Arthur Augustus Allen may not be as well-known as John James Audubon, but this ornithologist was incredibly instrumental in getting people to stop shooting rare birds with guns--and shoot them with cameras instead. As chairman of the American Ornithological Union's Committee on Bird Protection, he used his role to establish ethical resolutions that prohibited the taking of rare birds from the wild (in violation of the Migratory Bird Treaty Act, no less) and emphasized the observation of live birds in the wild over killing more for preservation and study.
We would do well to emulate Allen's example. Today there are still greedy people who look at a forest and only see dollar signs, or whose only interest in an open area of wilderness is the mineral rights under the soil.

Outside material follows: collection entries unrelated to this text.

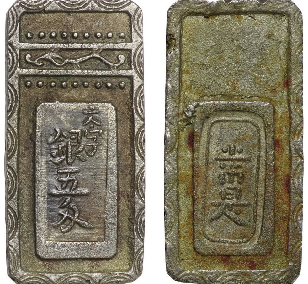 1765 г., стандартный монетообразный японский серебряный слиток 五匁銀 весом 5 цяней (18.75 гр.), продан за $1242
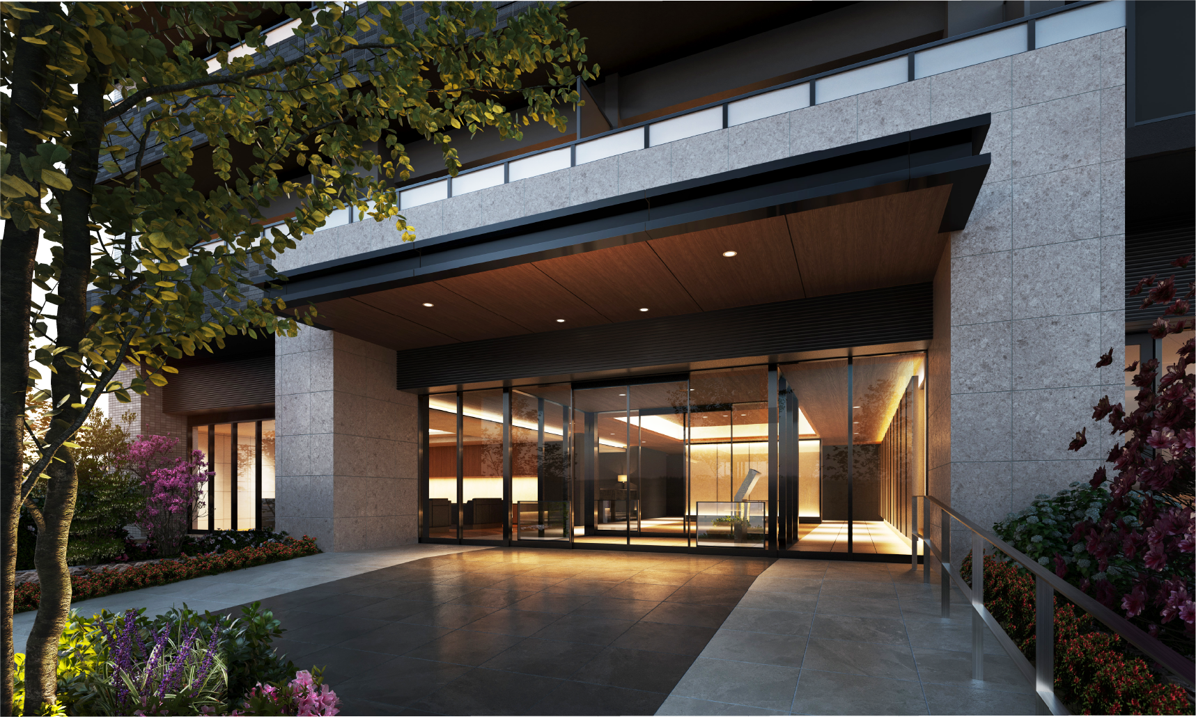 ゆったりとした広がりを持たせ、しかも街路からの奥行きも確保した、私邸感が際立つエントランスアプローチ。温もりのある木目調素材を採用した大きな庇を設え、壁面や床面を大判タイル貼りで仕上げ、揺るぎない品格を演出。左右と中央部に設けた植込が和らぎをもたらします。
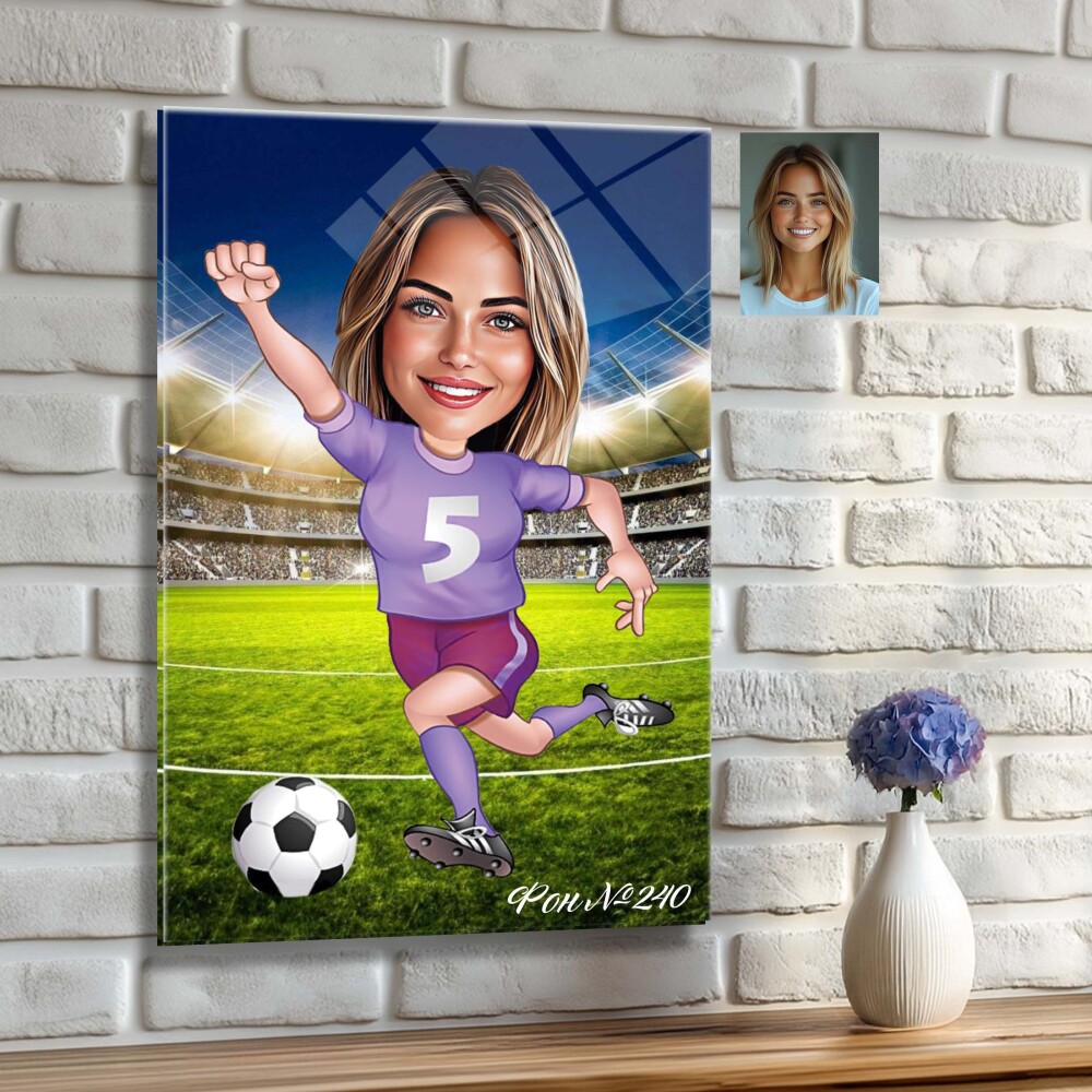 Стъклена карикатура на жена футболист - Играем за победа
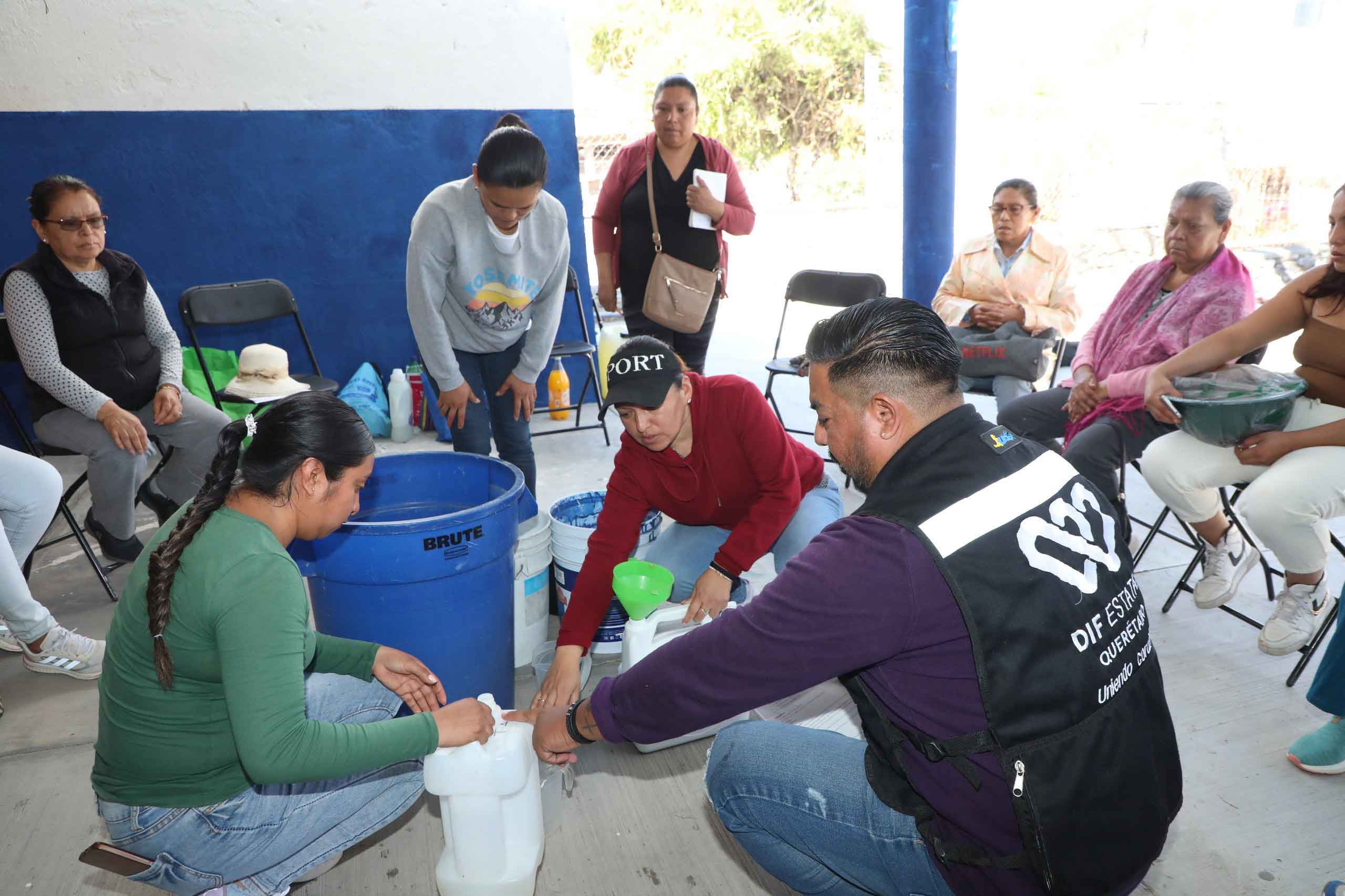 Con el objetivo de impulsar el desarrollo de las y los habitantes de las comunidades de alta y muy alta marginación, autoridades del Sistema Estatal DIF convocaron a las y los integrantes de los grupos de desarrollo comunitario de Ajuchitlancito de Pedro Escobedo, y de la Solana en el municipio de Querétaro, para recibir capacitación por medio de un taller enfocado en la elaboración de productos de limpieza.

They see a pair of antlers as a trophy (and leave the meat to rot), and consider any inconvenient animal like a gray wolf or prairie dog only fit to exterminate. Yet Allen is a symbol of resistance against the purely acquisitive, extractive approach to nature, and how education can change minds and hearts.
So to those of you working to inform the general public about the value of nature in its own right, and not just for what we can get out of it--keep up the great work! Arthur A. Allen certainly wasn't the only person who worked to get the word out about the need to protect dwindling species and their habitats, but I think his efforts deserve to be added to more popular knowledge of conservation.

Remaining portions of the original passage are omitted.